▶ _WHAT YOU WILL DO_
Leave the pictures in the listing below aside and reproduce exactly the lines starting with the one with "为保证烘干企业设备安全运行,国网馆陶县供" and going on through the one with "③ 공인중개사는 대장정보연계로", both ends included.

▶ _RECORDS SHOWN_
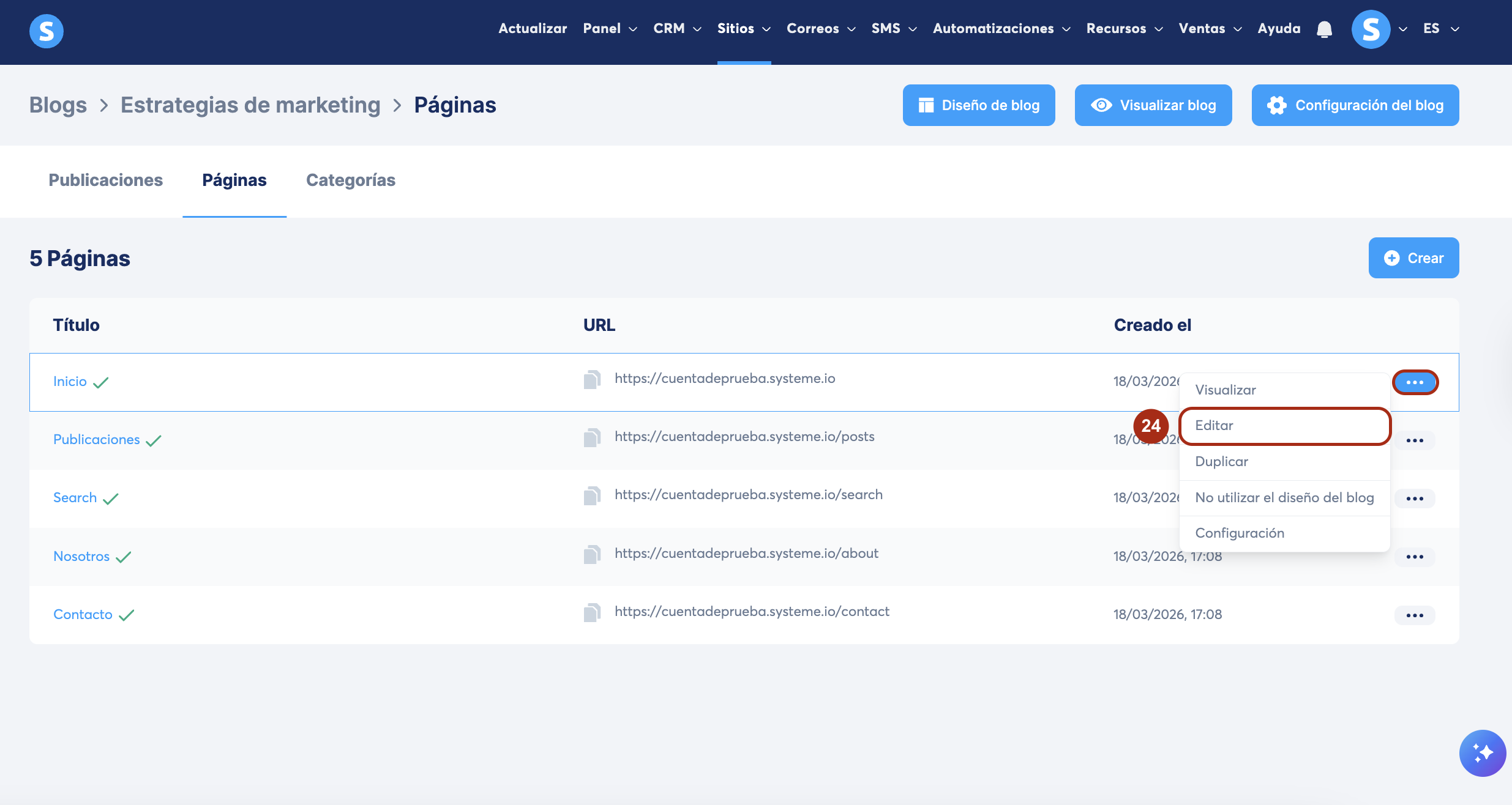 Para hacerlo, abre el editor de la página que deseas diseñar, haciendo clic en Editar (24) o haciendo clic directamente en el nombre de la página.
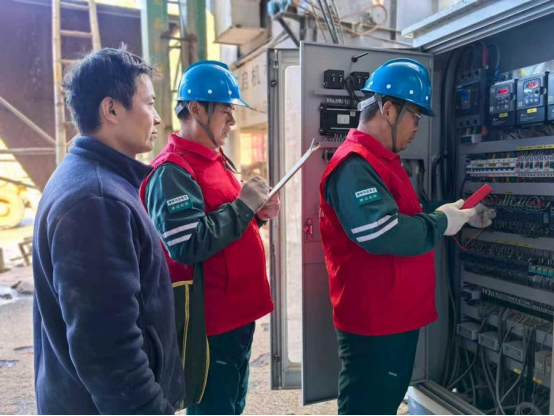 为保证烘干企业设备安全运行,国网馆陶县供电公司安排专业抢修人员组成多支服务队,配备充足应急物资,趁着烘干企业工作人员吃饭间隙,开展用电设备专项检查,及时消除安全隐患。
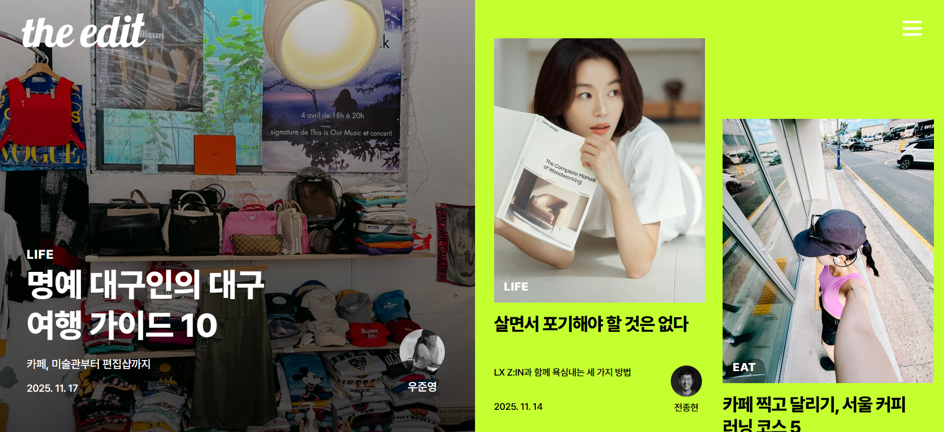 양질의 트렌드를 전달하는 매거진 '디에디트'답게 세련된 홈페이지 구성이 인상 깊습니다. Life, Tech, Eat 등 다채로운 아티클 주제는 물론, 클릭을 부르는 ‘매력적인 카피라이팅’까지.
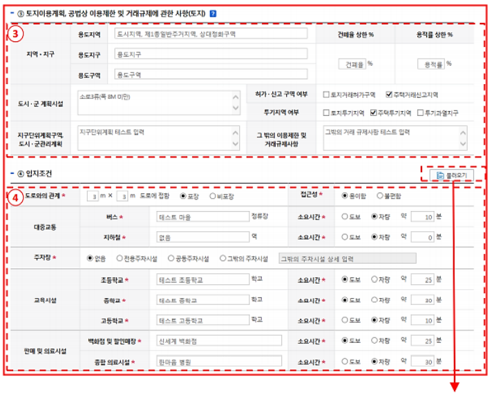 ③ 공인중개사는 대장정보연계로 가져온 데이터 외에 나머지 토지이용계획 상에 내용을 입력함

...

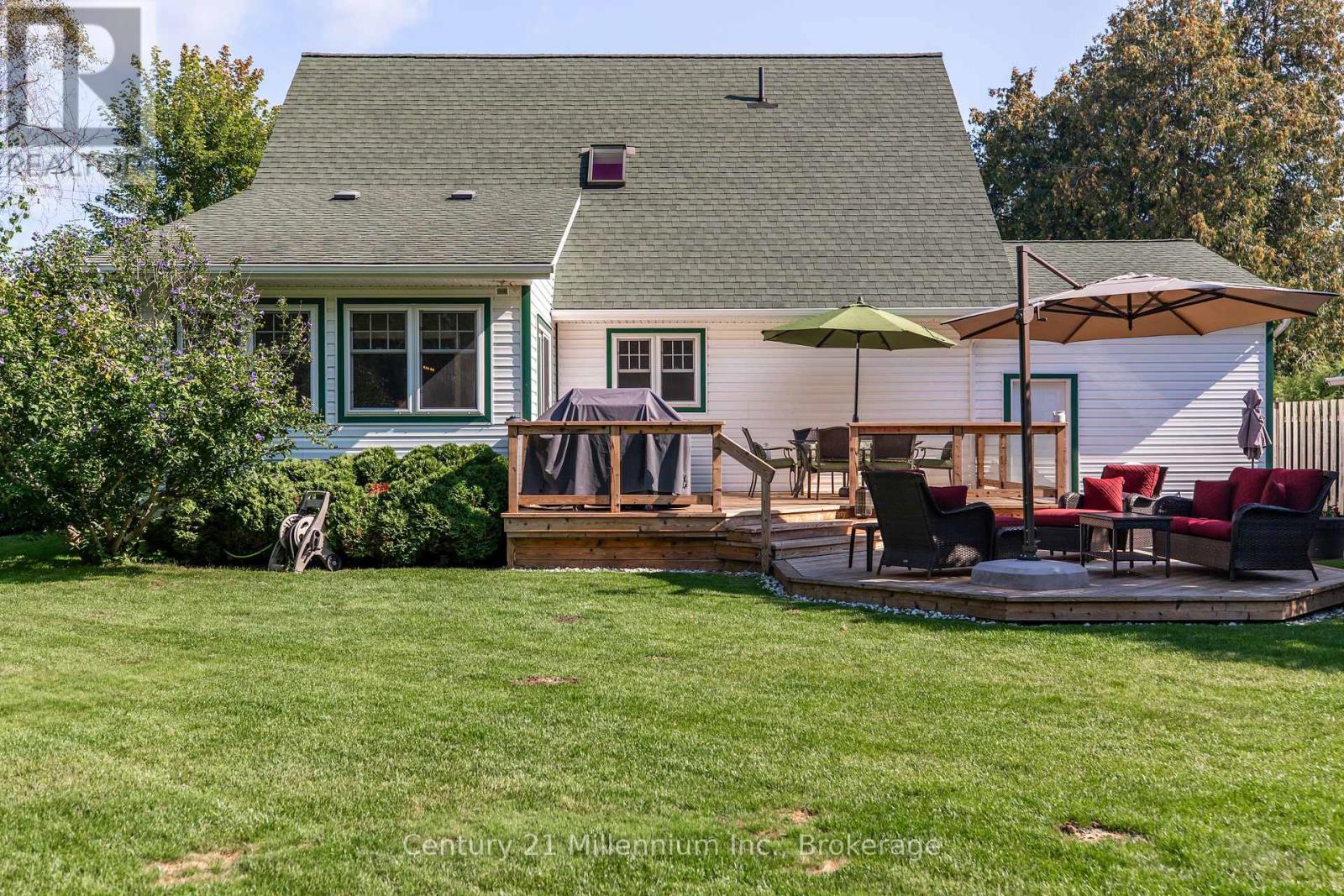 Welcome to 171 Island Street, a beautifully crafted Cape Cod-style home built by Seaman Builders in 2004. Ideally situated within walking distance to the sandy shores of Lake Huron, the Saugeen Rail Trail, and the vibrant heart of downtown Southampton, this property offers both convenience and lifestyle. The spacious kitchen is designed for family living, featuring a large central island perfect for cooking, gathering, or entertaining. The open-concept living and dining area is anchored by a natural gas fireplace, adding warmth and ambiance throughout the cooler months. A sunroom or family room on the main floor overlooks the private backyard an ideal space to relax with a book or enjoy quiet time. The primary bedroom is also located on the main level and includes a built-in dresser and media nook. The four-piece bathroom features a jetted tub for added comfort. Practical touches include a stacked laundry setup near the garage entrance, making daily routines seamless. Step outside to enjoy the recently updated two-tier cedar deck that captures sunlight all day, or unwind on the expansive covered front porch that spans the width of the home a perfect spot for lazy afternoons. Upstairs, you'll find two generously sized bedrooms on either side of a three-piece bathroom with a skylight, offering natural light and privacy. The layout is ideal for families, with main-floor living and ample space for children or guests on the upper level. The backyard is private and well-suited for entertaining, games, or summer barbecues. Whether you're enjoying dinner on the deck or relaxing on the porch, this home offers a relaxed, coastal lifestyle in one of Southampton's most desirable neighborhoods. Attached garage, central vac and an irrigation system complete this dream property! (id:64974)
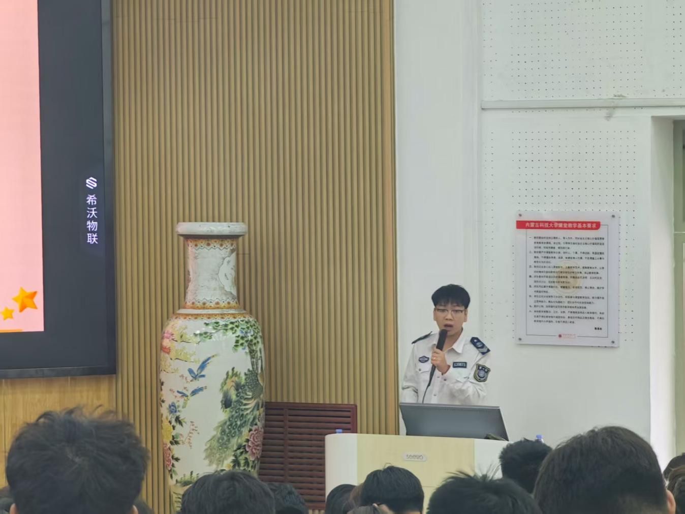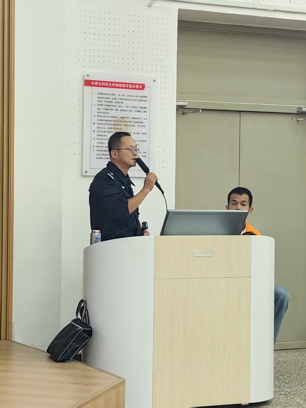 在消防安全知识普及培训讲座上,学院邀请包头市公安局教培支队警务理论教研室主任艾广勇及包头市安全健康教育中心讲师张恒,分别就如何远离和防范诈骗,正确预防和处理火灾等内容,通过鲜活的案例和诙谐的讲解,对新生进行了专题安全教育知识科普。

▶ _RESULT FOR THIS TASK_
 为保证烘干企业设备安全运行,国网馆陶县供电公司安排专业抢修人员组成多支服务队,配备充足应急物资,趁着烘干企业工作人员吃饭间隙,开展用电设备专项检查,及时消除安全隐患。
 양질의 트렌드를 전달하는 매거진 '디에디트'답게 세련된 홈페이지 구성이 인상 깊습니다. Life, Tech, Eat 등 다채로운 아티클 주제는 물론, 클릭을 부르는 ‘매력적인 카피라이팅’까지.
 ③ 공인중개사는 대장정보연계로 가져온 데이터 외에 나머지 토지이용계획 상에 내용을 입력함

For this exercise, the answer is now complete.